The [httr] package is useful in R for accessing web resources. The following is a simple code example.

# Requires the httr package
#   install.packages('httr')
response = httr::GET("https://api.omicidx.cancerdatasci.org/sra/studies/SRP012682")
content = httr::content(response)
content

## $pubmed_ids
## list()
## 
## $total_spots
## [1] "1698588305124"
## 
## $identifiers
## $identifiers[[1]]
## $identifiers[[1]]$id
## [1] "PRJNA75899"
## 
## $identifiers[[1]]$namespace
## [1] "BioProject"
## 
## 
## $identifiers[[2]]
## $identifiers[[2]]$id
## [1] "phs000424"
## 
## $identifiers[[2]]$namespace
## [1] "dbGaP"
## 
## 
## $identifiers[[3]]
## $identifiers[[3]]$id
## [1] "phs000424"
## 
## $identifiers[[3]]$namespace
## [1] "dbGaP"
## 
## 
## 
## $taxon_ids
## $taxon_ids[[1]]
## [1] "9606"
## 
## 
## $experiment_count
## [1] "24588"
## 
## $received
## [1] "2012-05-04T15:43:05"
## 
## $abstract
## [1] "Lay Description.  The aim of the Genotype-Tissue Expression (GTEx) Project is to increase our understanding of how changes in our genes affect human health and disease with the ultimate goal of improving health care for future generations. GTEx will create a database that researchers can use to study how inherited changes in genes lead to common diseases.  GTEx researchers are studying genes in different tissues obtained from many different people. The GTEx project also includes a study of the GTEx donor consent process - this study will help ensure that the consent process and other aspects of the project effectively address the concerns and expectations of participants in the study. GTEx is a pioneering project that uses state-of-the-art protocols for obtaining and storing a large range of organs and tissues, and for testing them in the lab. Until now, no project has analyzed genetic variation and expression in as many tissues from the same person in... (for more see dbGaP study page.)"
## 
## $accession
## [1] "SRP012682"
## 
## $published
## [1] "2014-02-14T22:56:17"
## 
## $title
## [1] "Genotype-Tissue Expression (GTEx) Common Fund Project"
## 
## $mean_bases_per_run
## [1] 14030484634
## 
## $run_count
## [1] "24588"
## 
## $center_name
## [1] "dbGaP"
## 
## $study_type
## [1] "Other"
## 
## $insdc
## [1] TRUE
## 
## $sample_count
## [1] "14249"
## 
## $alias
## [1] "phs000424"
## 
## $attributes
## $attributes[[1]]
## $attributes[[1]]$value
## [1] "PRJNA75897"
## 
## $attributes[[1]]$tag
## [1] "parent_bioproject"
## 
## 
## 
## $total_bases
## [1] "343115501734811"
## 
## $lastupdate
## [1] "2017-09-17T10:26:44"
## 
## $BioProject
## [1] "PRJNA75899"
## 
## $status
## [1] "live"

In python, one might use the [requests] library to access the URL and retrieve the data into a python object.

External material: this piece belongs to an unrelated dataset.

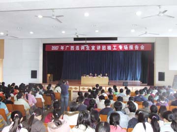 按照自治区党委关于把乡镇和企业作为培养锻炼领导干部的深厚源头和重要基地的战略部署,本着立足当前,着眼长远,从全面加强党的执政能力建设和先进性建设,建设富裕文明和谐新广西的高度,加大培养选拔优秀年轻干部的工作力度,为各级领导班子和干部队伍建设提供充足人才来源的目的,2007年,广西继续选调优秀大学毕业生到基层培养锻炼工作。为了吸引优秀大学毕业生到基层培养锻炼,做好这次选调工作,中共广西壮族自治区委员会组织部组成了选调生宣讲团,在全区各高校巡回宣讲。 12月21日上午,选调生宣讲团桂工专场报告会在南校区礼堂举行。报告会由学院团委书记辛立章主持。宣讲团成员有:孙国梁(共青团崇左市委副书记,中国人民大学马克思主义理论与思想教育专业2006届博士毕业生)、黄杰鹏(南宁市质量技术监督局干部,清华大学热能工程系动力机械与工程专业2006届硕士毕业生)、蓝飞(南宁市隆安县丁当镇党委书记,广西大学化工学院化学专业2001届本科毕业生)、段丽萍(柳江县人民法院拉堡法庭干部,西南政法大学法学院2006届本科毕业生)。他们分别结合自己做选调生的经历,从选择做选调生的心路历程、理由,做选调生工作的经历、成绩,做选调生的感受、体会等方面,向我院大学生进行了宣讲。报告结束后,宣讲团成员还现场回答了学生的有关问题。
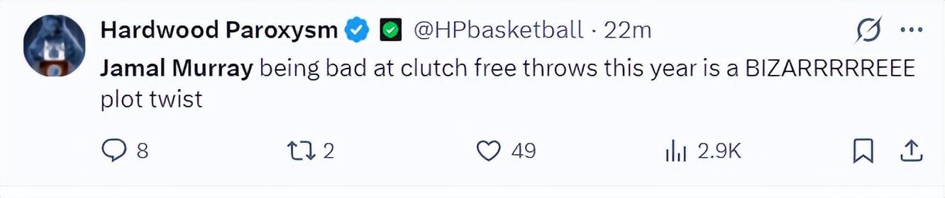 美媒:穆雷今年關鍵時刻的罰球都不佳,這場比賽他讓劇情發生了匪夷所思的轉折。

# requires the requests package be available
#   pip install requests
import requests, pprint
response = requests.get(
    "https://api.omicidx.cancerdatasci.org/sra/studies/SRP012682"
)
pprint.pprint(response.json())

## {'BioProject': 'PRJNA75899',
##  'abstract': 'Lay Description.  The aim of the Genotype-Tissue Expression '
##              '(GTEx) Project is to increase our understanding of how changes '
##              'in our genes affect human health and disease with the ultimate '
##              'goal of improving health care for future generations. GTEx will '
##              'create a database that researchers can use to study how '
##              'inherited changes in genes lead to common diseases.  GTEx '
##              'researchers are studying genes in different tissues obtained '
##              'from many different people. The GTEx project also includes a '
##              'study of the GTEx donor consent process - this study will help '
##              'ensure that the consent process and other aspects of the project '
##              'effectively address the concerns and expectations of '
##              'participants in the study. GTEx is a pioneering project that '
##              'uses state-of-the-art protocols for obtaining and storing a '
##              'large range of organs and tissues, and for testing them in the '
##              'lab. Until now, no project has analyzed genetic variation and '
##              'expression in as many tissues from the same person in... (for '
##              'more see dbGaP study page.)',
##  'accession': 'SRP012682',
##  'alias': 'phs000424',
##  'attributes': [{'tag': 'parent_bioproject', 'value': 'PRJNA75897'}],
##  'center_name': 'dbGaP',
##  'experiment_count': '24588',
##  'identifiers': [{'id': 'PRJNA75899', 'namespace': 'BioProject'},
##                  {'id': 'phs000424', 'namespace': 'dbGaP'},
##                  {'id': 'phs000424', 'namespace': 'dbGaP'}],
##  'insdc': True,
##  'lastupdate': '2017-09-17T10:26:44',
##  'mean_bases_per_run': 14030484634.42286,
##  'published': '2014-02-14T22:56:17',
##  'pubmed_ids': [],
##  'received': '2012-05-04T15:43:05',
##  'run_count': '24588',
##  'sample_count': '14249',
##  'status': 'live',
##  'study_type': 'Other',
##  'taxon_ids': ['9606'],
##  'title': 'Genotype-Tissue Expression (GTEx) Common Fund Project',
##  'total_bases': '343115501734811',
##  'total_spots': '1698588305124'}

Each resource (SRA Sample, for example) has a particular data model that is shared across all members of that resource. However, different resources (SRA Sample vs SRA Study) will have different data models (though some fields are common) from one another. To get a sense of what other resources look like, try clicking through these links. For more details, see the data models for [SRA], [GEO], and [Biosample].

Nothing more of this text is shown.